In order to support the APU on NXP, TensorFlow Lite framework and inference engines are used. TensorFlow Lite is an open source project, mostly developed by Google, which uses it in many of its AI applications. It is a feature-rich, stable and mature platform. The i.MX8M Plus is great for porting a number of AI applications into the platform. If you have extra AI applications that you want to support on this platform, it is also very easy to port your applications on to it.
From our testing with FaceMe®, the i.MX8M Plus ran the VH model for 14 fps at 720p image resolution.
Here’s a short summary showing the performance of each platform
* For above testing, each image contains one face
The two most popular operating systems used in AIoT devices for facial recognition are Linux (Ubuntu and Debian) and Android. When selecting which OS is right for you it will be important to consider the needs of your specific use case. FaceMe® is one of the most versatile facial recognition engines, supporting more than ten OS' including Linux, Ubuntu, Redhat, CentOS, Android, iOS, and Windows. However, there are a few key differences to note between Linux/Ubuntu and Android.
Linux is very customizable and flexible. You can completely personalize components of the OS for your specific use case, and make it as fast and efficient as possible by easily removing services you don’t need. Ubuntu is one of the most popular Linux variations and is widely used, from edge devices to cloud servers. Ubuntu Linux releases long-term support versions (LTS) every two years to keep the technology up to date, with support provided for up to five years. Since it is open source there is a rich set of code libraries at your disposal which can greatly speed up the development of your project.
Android, developed by Google, is based on a modified version of Linux. It is most used for smartphones and tablets. Android is a developer-friendly solution and is often the preferred OS for AIoT devices. Android toolchains, IDE (Android Studio), and SDKs are mature and professional tools which can be used at no cost and do not carry any royalties. Android applications are often developed in Java, which is easier to code and manage than C++. However, it also supports integration of components written in C++ into the Java program, enabling the benefits of both languages.

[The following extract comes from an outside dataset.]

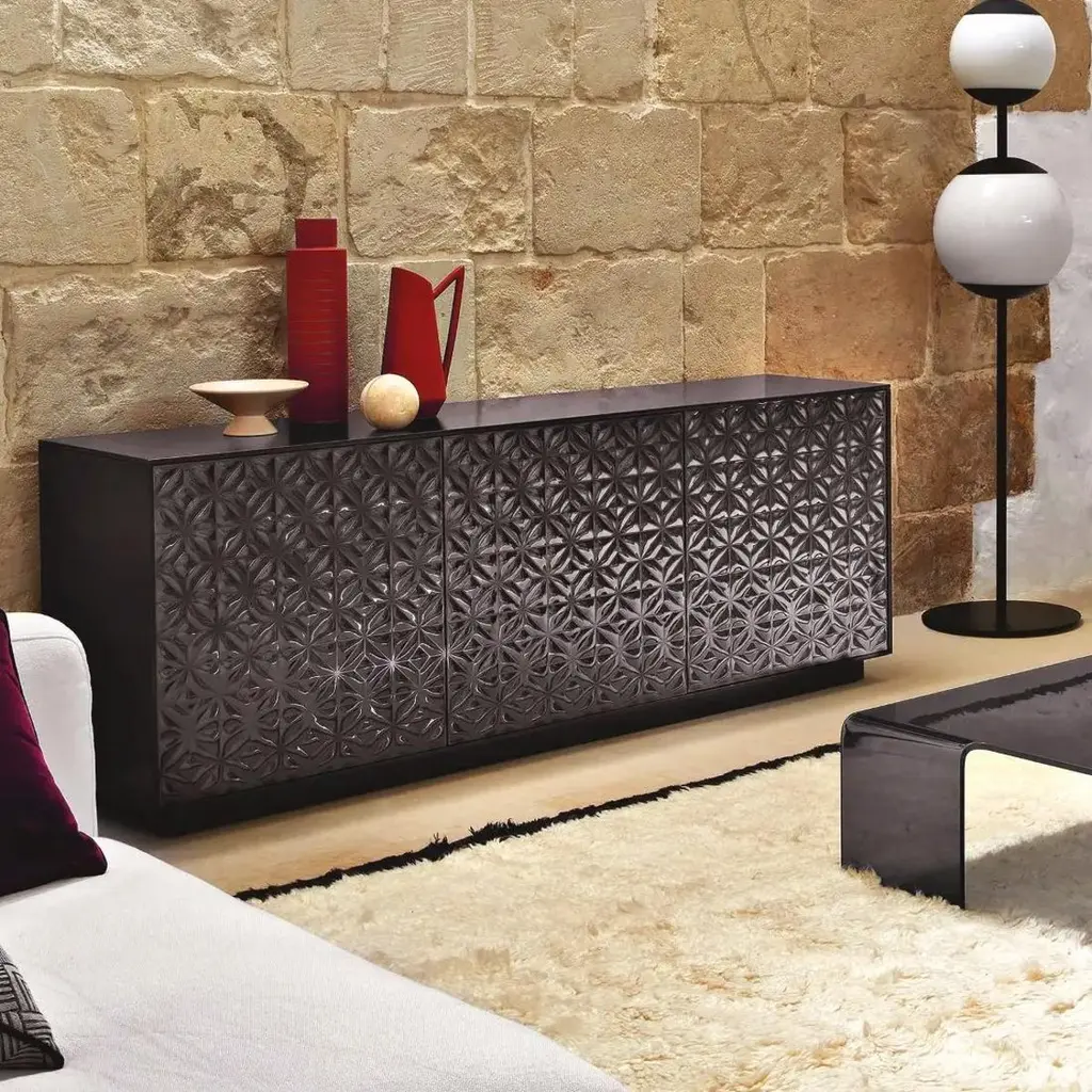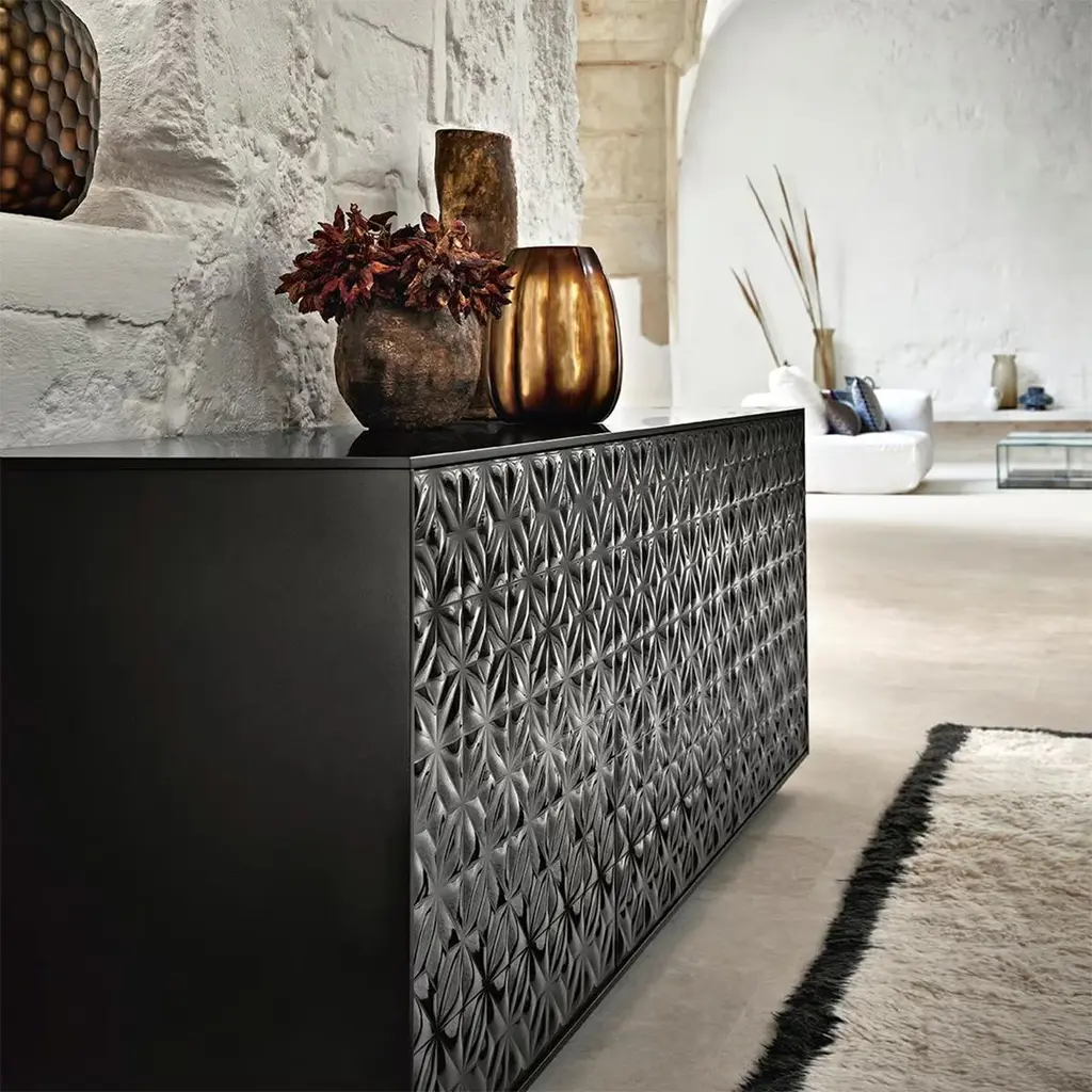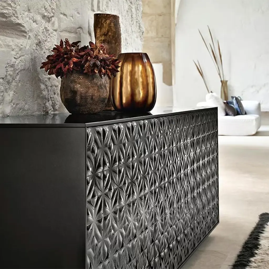 Sideboard Genova Smocked with wooden structure in lacquered dark grey finish,with 3 doors in fused smocked glass, 6mm thickness, with pattern. Sideboard withinternal shelves in tempered smoked glass, 8mm thickness.Also available on request with doors in glass with back in silver finish.Also available on request in:L134xD47xH74cm, price: 7700,00€.L265xD47xH74cm, price: 12300,00€.

There are several popular AIoT configurations available to engineers and developers when building systems for facial recognition. When evaluating options the most important thing is to understand the use case and consider specific performance, form factor, extensibility, and budget concerns. Once you think you have the right build and design for your use case we recommend conducting a proof-of-concept (POC) to identify any necessary fixes and improvements before officially deploying the application.